DESCRIPTION (provided by applicant): The long term goals of our laboratory are to understand the molecular mechanisms responsible for cell fate specification and sensory patch formation in the developing mammalian inner ear. Progress toward understanding these essential aspects of inner ear development have been hampered by the inaccessibility of the mouse embryo in utero. Equally confounding is the lack of molecular tools to dynamically manipulate developmental gene expression in situ. We apply experimental embryology to study the mouse inner ear in vitro and in vivo. We aim: 1) to fate map mouse otic cup closure in wild type and mutant mice; 2) to determine the lineage relationships among constituent cells in the inner ear; and 3) to probe the molecular mechanisms underlying mammalian sensory patch formation. Mouse whole embryo culture supports inner ear development from the placode through early otocyst stages. The fate map will be conducted by iontophoretic injection of fluorescent tracer dye into designated positions in the rim and concavity of the cup. Fate mapping will teach us the morphogenetic movements of otic epithelial progenitors during cup closure and permit their correlation with know domains of gene expression. Tranuterine microinjection of bioactive reagents into the early otocyst stage mouse embryo in vivo enables a broad range of studies in the developing and postnatal inner ear. Lineage analysis will be performed by transuterine microinjection of a retroviral construct encoding alkaline phosphatase and a complex 24 base pair library into the otocyst with subsequent clonal analysis in the mature, postnatal inner ear. Lineage analysis will show us the types and timing of cell fate choices made by otic epithelial progenitors that give rise to sensory and nonsensory cells. Sensory patch formation will be investigated by transuterine microinjection of expression plasmid into the early otocyst followed by in vivo electroporation for gain-of-function studies. We will misexpress transcription factors know to be involved in sensory patch formation in wild type and mutant mouse inner ears to gain insight into their mechanistic roles in establishing the auditory sensory epithelium. A clear understanding of otic vesicle morphogenesis, lineage relationships, and sensory patch formation is essential for the definition of regenerative medical approaches to ameliorate hearing loss and balance disorders in humans.
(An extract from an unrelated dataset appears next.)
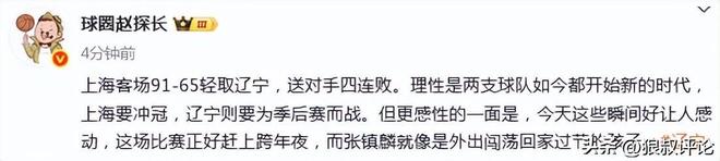 媒体人“赵探长”发文点评:“理性是两支球队如今都开始新的时代,上海要冲冠,辽宁则要为季后赛而战。但更感性的一面是,今天这些瞬间好让人感动,这场比赛正好赶上跨年夜,而张镇麟就像是外出闯荡回家过节的孩子。”
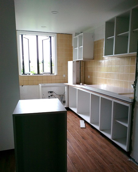 我家厨房现在还是这样。厨房电器5件已经送货等待安装。

描述（由申请人提供）：我们实验室的长期目标是了解发育中哺乳动物内耳中细胞命运特化和感觉贴片形成的分子机制。对内耳发育的这些基本方面的理解进展受到子宫内小鼠胚胎不可接近性的阻碍。同样令人困惑的是缺乏分子工具来动态操纵原位发育基因表达。本文应用实验胚胎学方法对小鼠内耳进行了离体和体内的研究。我们的目标是：1）在野生型和突变型小鼠中对小鼠耳杯闭合进行命运作图; 2）确定内耳中组成细胞之间的谱系关系;以及3）探索哺乳动物感觉斑形成的分子机制。小鼠全胚胎培养支持内耳从基板到早期耳囊阶段的发育。通过将荧光示踪剂染料离子电渗注射到髋臼杯边缘和边缘的指定位置，进行结局图。命运映射将教我们的形态发生运动的耳上皮祖细胞在杯关闭，并允许其与已知的基因表达领域的相关性。将生物活性试剂经子宫显微注射到体内早期耳囊期小鼠胚胎中，可以在发育和出生后的内耳中进行广泛的研究。将通过经子宫显微注射编码碱性磷酸酶的逆转录病毒构建体和复杂的24个碱基对文库到耳囊中进行谱系分析，随后在成熟的出生后内耳中进行克隆分析。谱系分析将向我们展示耳上皮祖细胞产生感觉细胞和非感觉细胞的细胞命运选择的类型和时间。将通过经子宫显微注射表达质粒到早期耳囊中，然后通过体内电穿孔进行功能获得研究来研究感觉斑的形成。我们将错误表达已知参与野生型和突变型小鼠内耳感觉片形成的转录因子，以深入了解它们在建立听觉感觉上皮中的机制作用。清楚地了解耳泡形态发生、谱系关系和感觉斑形成对于定义改善人类听力损失和平衡障碍的再生医学方法至关重要。